## RECORDS TO PROCESS
----
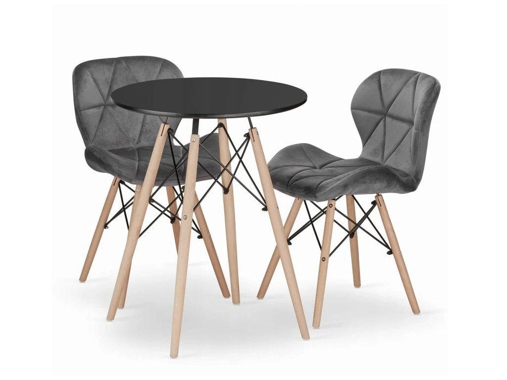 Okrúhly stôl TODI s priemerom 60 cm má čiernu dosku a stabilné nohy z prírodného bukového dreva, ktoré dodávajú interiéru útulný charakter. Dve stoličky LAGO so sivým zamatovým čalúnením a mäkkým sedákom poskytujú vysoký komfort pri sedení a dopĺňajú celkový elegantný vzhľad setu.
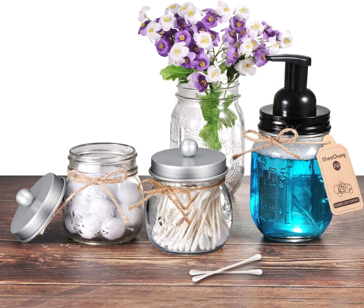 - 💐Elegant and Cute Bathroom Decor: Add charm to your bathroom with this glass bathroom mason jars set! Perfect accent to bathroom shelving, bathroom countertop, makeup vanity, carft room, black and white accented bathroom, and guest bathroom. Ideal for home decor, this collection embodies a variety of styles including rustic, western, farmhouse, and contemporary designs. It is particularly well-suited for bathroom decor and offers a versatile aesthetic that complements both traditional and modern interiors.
----
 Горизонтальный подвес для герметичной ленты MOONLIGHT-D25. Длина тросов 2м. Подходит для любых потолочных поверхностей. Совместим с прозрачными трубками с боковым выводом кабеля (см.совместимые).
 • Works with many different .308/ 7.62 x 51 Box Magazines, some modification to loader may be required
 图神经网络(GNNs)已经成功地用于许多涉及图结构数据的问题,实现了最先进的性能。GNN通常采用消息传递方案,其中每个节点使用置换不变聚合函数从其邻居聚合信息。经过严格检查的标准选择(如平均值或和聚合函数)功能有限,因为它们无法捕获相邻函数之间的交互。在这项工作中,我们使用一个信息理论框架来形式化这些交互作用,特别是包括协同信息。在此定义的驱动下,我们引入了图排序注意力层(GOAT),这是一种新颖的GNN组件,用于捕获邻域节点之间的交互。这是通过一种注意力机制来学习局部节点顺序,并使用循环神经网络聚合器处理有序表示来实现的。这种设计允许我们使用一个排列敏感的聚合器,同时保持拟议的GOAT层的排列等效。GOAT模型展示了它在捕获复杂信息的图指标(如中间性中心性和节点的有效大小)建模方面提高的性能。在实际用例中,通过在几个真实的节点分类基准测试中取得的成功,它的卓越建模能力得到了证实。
----
## ASSIGNED TASK
Your answer should consist only of the lines above between the line holding "Горизонтальный подвес для" and the line holding "图神经网络(GNNs)已经成", inclusive, each transcribed exactly.

## EXERCISE RESULT
 Горизонтальный подвес для герметичной ленты MOONLIGHT-D25. Длина тросов 2м. Подходит для любых потолочных поверхностей. Совместим с прозрачными трубками с боковым выводом кабеля (см.совместимые).
 • Works with many different .308/ 7.62 x 51 Box Magazines, some modification to loader may be required
 图神经网络(GNNs)已经成功地用于许多涉及图结构数据的问题,实现了最先进的性能。GNN通常采用消息传递方案,其中每个节点使用置换不变聚合函数从其邻居聚合信息。经过严格检查的标准选择(如平均值或和聚合函数)功能有限,因为它们无法捕获相邻函数之间的交互。在这项工作中,我们使用一个信息理论框架来形式化这些交互作用,特别是包括协同信息。在此定义的驱动下,我们引入了图排序注意力层(GOAT),这是一种新颖的GNN组件,用于捕获邻域节点之间的交互。这是通过一种注意力机制来学习局部节点顺序,并使用循环神经网络聚合器处理有序表示来实现的。这种设计允许我们使用一个排列敏感的聚合器,同时保持拟议的GOAT层的排列等效。GOAT模型展示了它在捕获复杂信息的图指标(如中间性中心性和节点的有效大小)建模方面提高的性能。在实际用例中,通过在几个真实的节点分类基准测试中取得的成功,它的卓越建模能力得到了证实。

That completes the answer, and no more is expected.